Browser support of CSS Custom Properties

This browser support data is from Caniuse, which has more detail. A number indicates that browser supports the feature at that version and up.

Desktop

ChromeFirefoxIEEdgeSafari
4931No1610

Mobile / Tablet

Android ChromeAndroid FirefoxAndroidiOS Safari
12212312210.0-10.2

Homework time: level up!

1) Watch Lea Verou’s CSS Variables: var(–subtitle);

She covers plenty of practical applications, as well as some trickery like taking control of when variables cascade and some gotchas.

2) Watch David Khourshid’s Reactive Animations with CSS

David shares the idea that connecting DOM events with CSS variables can do some really awesome UI stuff with not much code. Check out his slides (starting from #26) that show off how awesome this is.

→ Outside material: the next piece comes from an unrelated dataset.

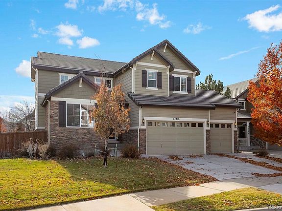 Beautiful two story home on corner lot with finished basement! Fantastic location in the neighborhood with a corner lot for privacy, you’re across the street from the community pool and park with open space and walking trail system. This spacious home is truly move-in ready and welcomes you with high ceilings, gleaming hardwood floors extending from the entry way through the formal living room, dining room and into the bright and open family room with gas fireplace and tons of natural light. The family room opens to the large eat-in gourmet kitchen with center island, a wall of cabinets for plenty of storage, double ovens and all appliances included! The well laid out floorplan is perfect for entertaining. The main floor is complete with a powder bath, laundry room with utility sink and front office with glass French Doors. Retreat upstairs to your primary suite with vaulted ceilings, walk-in closet, and private spa like bathroom with jetted soaking tub. Just down the hallway are three good sized bedrooms with two sharing a full Jack-n-Jill bathroom and one with a private en-sutie bathroom, giving everyone their own space. This spacious home continues to the finished basement with a huge Rec Room and wet bar with granite counters and tile backsplash giving you the perfect entertaining setup! You also have an additional bedroom, and three-quarter bathroom with walk-in shower and marble counters giving you a great guest suite option. The additional flex room has Mylar flooring and can be used as a gym, dance studio, office or bedroom if needed. As if the interior wasn’t enough, the outside is just as wonderful with a large yard, patio, pergola and kitchen setup for plenty of outdoor enjoyment. This location can’t be beat, close to Southlands Mall, Saddle Rock Golf Course and Aurora Reservoir with Scuba Beach! Nearby major routes for convenient commuting to DIA, Denver and Castle Rock. This home really does have it coupled with a great location….don’t miss out!

3) Read Harry Roberts Pragmatic, Practical, and Progressive Theming with Custom Properties

His article explains how user theming of sites gets a heck of a lot easier with CSS variables.

4) Read Roman Komarov’s Conditions for CSS Variables

Despite it being talked about every so often, there are no logical gates in CSS (e.g. @if (true) { }). We fake it sometimes with things like :checked, but that’s dependent on the DOM. Roman shows off a trick where you can use 0 or 1 on a variable and then use that with calc() to simulate boolean logic.